Die durch das Internet ermöglichte räumliche Dezentralisierung ist allerdings durch die transportbedingten Grenzen materieller Güter begrenzt. Daher erlangen auch materielle Infrastrukturen immer größere Bedeutung. War die Erreichbarkeit einer Region früher in erster Linie eine Frage ihrer geographischen Lage (beispielsweise in Bezug auf Seehäfen), so ist heute dagegen die Qualität der Verkehrsanbindung und die Lage innerhalb der Verkehrs- und Kommunikationsnetze in einer dezentralisierten "Fast-in-time-Produktion" entscheidend. Die funktionell-räumliche Teilung der Produktion bringt auch erhöhte Mobilitätserfordernisse für die in den Konzernzentralen tätigen "Symbolanalytiker" (Reich 1993) mit sich, womit die zunehmende Relevanz einer Anbindung an internationale Flughäfen(kreuze) oder Schnellbahnnetze zu erklären ist (die für den Gütertransport eine nur untergeordnete Rolle spielen).

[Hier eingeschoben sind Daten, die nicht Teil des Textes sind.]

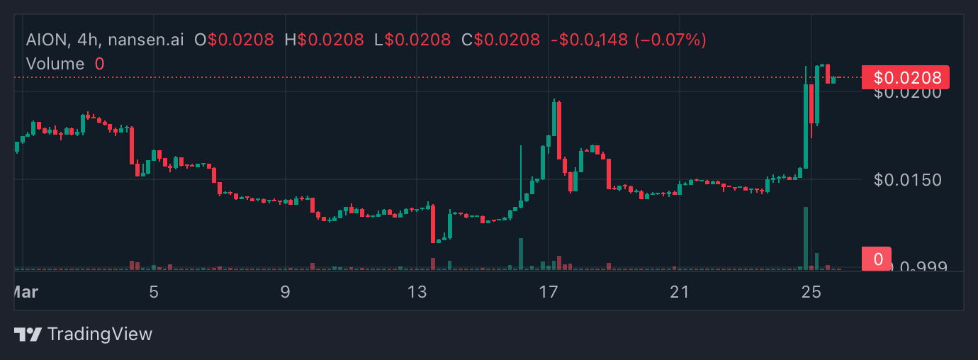 On-chain data for AION shows inflows and accumulation; the price has risen 42% recently, and its potential is undervalued.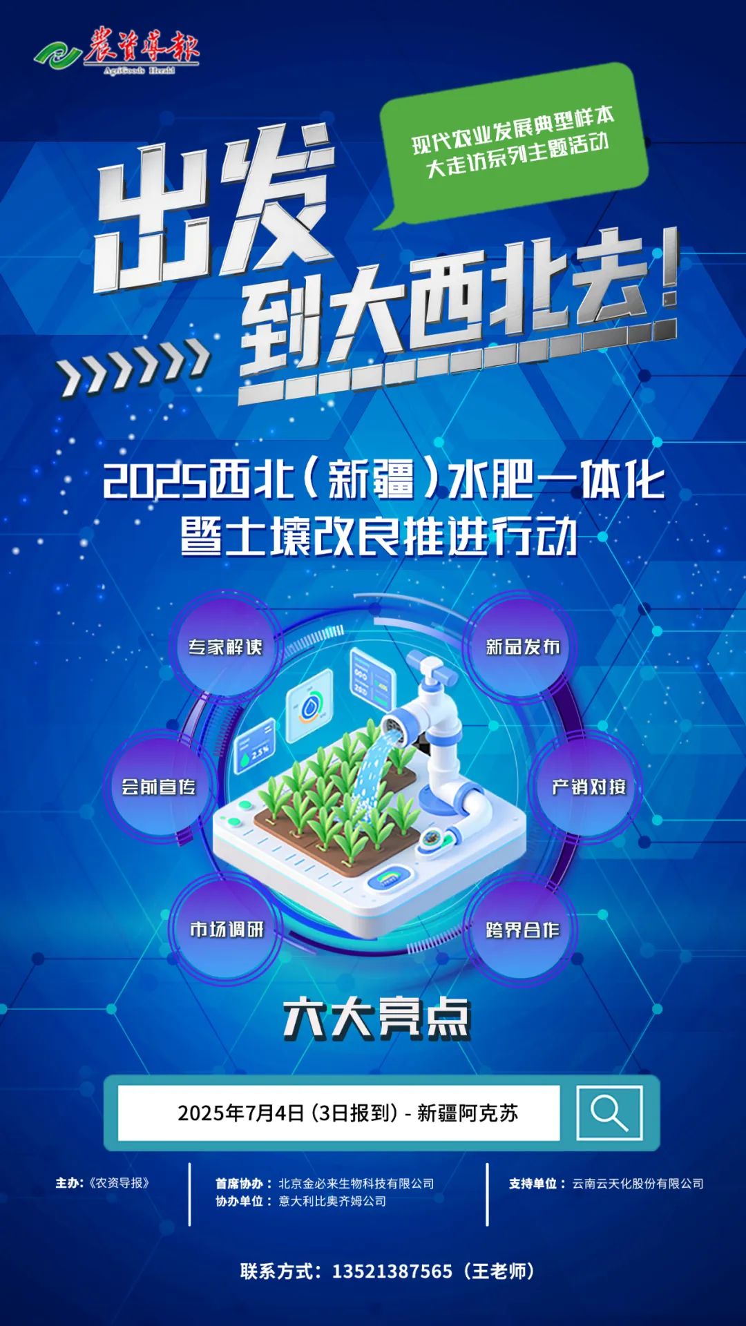 7月初,《农资导报》将在新疆阿克苏举办“西北(新疆)水肥一体化暨土壤改良推进行动(2025)”,本行动紧扣现代农业两大关键问题——水肥一体化和土壤改良,旨在引导和助力农资企业加快布局新疆市场,围绕水肥一体化和土壤改良发展农业新质生产力,为新疆粮棉等作物单产和品质提升贡献科技力量。

Die räumliche Distanz der Zulieferer hängt maßgeblich auch von der Komplexität der dort gefertigten Güter und deren Zentralität für den weiteren Produktionsprozess ab. Um so bedeutender jene Güter für die weitere Fertigung sind und um so höher der Stellenwert der Qualität, desto geringer wird die räumliche Distanz von seitens des Hauptunternehmen gewählt und desto geringer wird auch seine Dominanz innerhalb der vertikalen Quasi-Integration. Die Bedeutung der Qualität bei der Auswahl der Zuliefererunternehmen zeigt, dass es sich dabei keineswegs, wie angedeutet, um reine Distanzbeziehungen handelt. Vielmehr gehen Beurteilungen der Kosten einher mit der Bewertung des technologischen Standes des Zuliefererunternehmens sowie der Ausbildungsstandards der Arbeitskräfte einher. Im Zuge von just-in-time-Strategien besteht bei der Fertigung zentraler Güter auf hohem technologischem Niveau für die weitere Produktion jedoch ein höherer Bedarf an räumlicher Nähe als bei standardisierten Massenprodukten (z.B. Schrauben). Dies gilt natürlich nicht mehr für informationelle Produkte und Dienstleistungen, die via Internet binnen Sekunden von einem Teil der Erde in den anderen geschickt werden können. Dies wird besonders deutlich an der Auslagerung und globalen Streuung von ehemals produktionsinternen Funktionen wie Programmierung, Forschung und Entwicklung, Finanz- und Buchführung etc. als unternehmensorientierte Dienstleistungen (Hack 1998).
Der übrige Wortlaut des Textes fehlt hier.